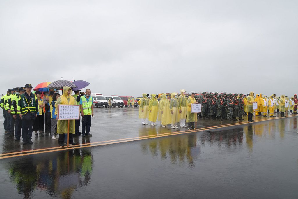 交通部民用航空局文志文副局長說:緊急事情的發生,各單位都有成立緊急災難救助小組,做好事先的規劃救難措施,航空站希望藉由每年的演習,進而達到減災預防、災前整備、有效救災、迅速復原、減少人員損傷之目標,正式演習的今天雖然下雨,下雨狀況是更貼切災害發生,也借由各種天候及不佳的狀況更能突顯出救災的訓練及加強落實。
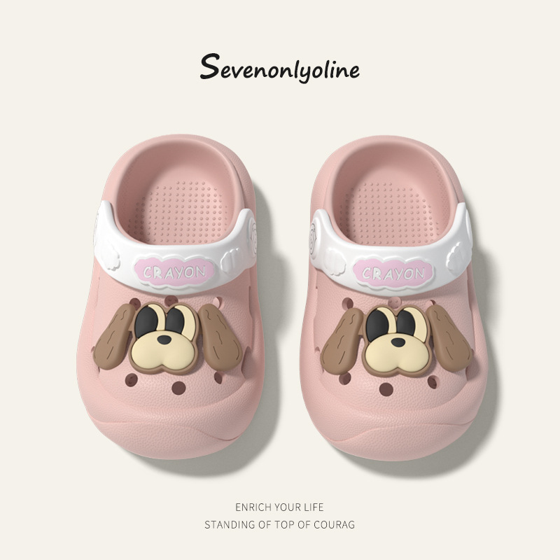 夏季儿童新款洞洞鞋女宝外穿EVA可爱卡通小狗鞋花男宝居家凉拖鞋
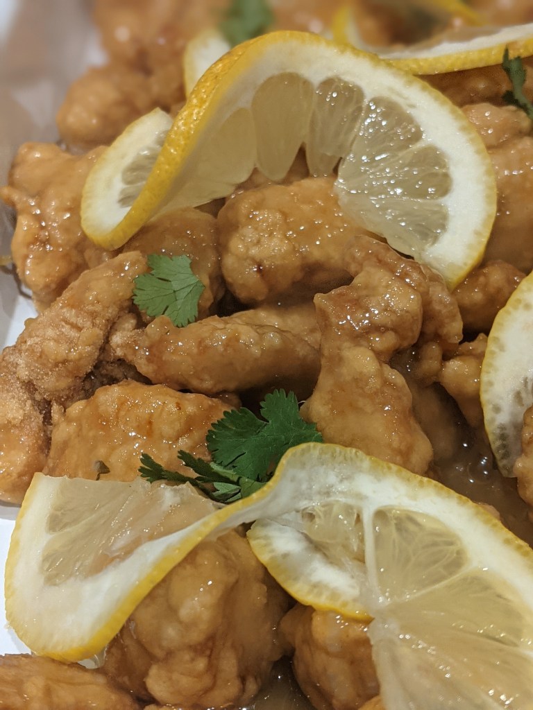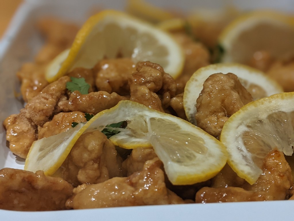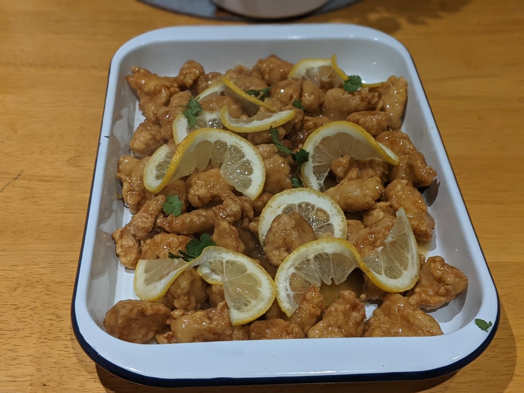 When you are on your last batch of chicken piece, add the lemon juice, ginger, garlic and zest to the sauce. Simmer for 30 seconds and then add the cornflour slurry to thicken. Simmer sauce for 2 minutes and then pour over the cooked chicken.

* * *

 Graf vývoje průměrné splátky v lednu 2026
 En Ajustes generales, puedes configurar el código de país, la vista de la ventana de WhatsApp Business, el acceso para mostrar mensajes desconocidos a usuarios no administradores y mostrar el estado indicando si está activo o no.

* * *

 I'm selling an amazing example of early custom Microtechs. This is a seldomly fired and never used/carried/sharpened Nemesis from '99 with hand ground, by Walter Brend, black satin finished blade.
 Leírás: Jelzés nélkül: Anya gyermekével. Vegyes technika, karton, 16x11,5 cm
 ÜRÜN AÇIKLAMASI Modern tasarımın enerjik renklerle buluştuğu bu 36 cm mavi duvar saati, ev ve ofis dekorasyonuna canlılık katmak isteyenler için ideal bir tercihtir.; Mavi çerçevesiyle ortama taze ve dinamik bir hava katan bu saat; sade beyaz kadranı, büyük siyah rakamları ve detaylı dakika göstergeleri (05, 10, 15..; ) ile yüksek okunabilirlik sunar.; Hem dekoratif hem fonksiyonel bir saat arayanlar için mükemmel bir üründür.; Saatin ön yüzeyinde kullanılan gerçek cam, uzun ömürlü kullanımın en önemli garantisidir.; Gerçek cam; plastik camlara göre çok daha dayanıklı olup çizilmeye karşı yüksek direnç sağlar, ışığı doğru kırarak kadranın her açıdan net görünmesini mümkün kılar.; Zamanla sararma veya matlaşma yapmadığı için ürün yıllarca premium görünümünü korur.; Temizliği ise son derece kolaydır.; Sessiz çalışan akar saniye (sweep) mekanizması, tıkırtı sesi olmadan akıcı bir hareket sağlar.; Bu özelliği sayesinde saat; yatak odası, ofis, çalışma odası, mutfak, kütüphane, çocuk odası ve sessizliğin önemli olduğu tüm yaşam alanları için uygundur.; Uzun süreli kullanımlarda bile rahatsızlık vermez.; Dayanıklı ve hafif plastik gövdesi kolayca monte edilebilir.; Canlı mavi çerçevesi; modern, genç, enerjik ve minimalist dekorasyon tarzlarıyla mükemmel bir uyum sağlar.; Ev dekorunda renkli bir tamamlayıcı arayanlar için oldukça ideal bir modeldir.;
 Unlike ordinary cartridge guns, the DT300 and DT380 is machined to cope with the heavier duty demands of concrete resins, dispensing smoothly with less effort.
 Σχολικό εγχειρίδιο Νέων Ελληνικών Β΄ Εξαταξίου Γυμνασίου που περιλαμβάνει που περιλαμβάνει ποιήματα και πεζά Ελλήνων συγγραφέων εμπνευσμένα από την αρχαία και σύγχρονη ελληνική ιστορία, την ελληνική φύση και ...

* **PROBLEM TO WORK ON**:
Your answer must be a copy of every line in the data above that holds the string "with".

* **ANSWER SPACE**:
 I'm selling an amazing example of early custom Microtechs. This is a seldomly fired and never used/carried/sharpened Nemesis from '99 with hand ground, by Walter Brend, black satin finished blade.
 Unlike ordinary cartridge guns, the DT300 and DT380 is machined to cope with the heavier duty demands of concrete resins, dispensing smoothly with less effort.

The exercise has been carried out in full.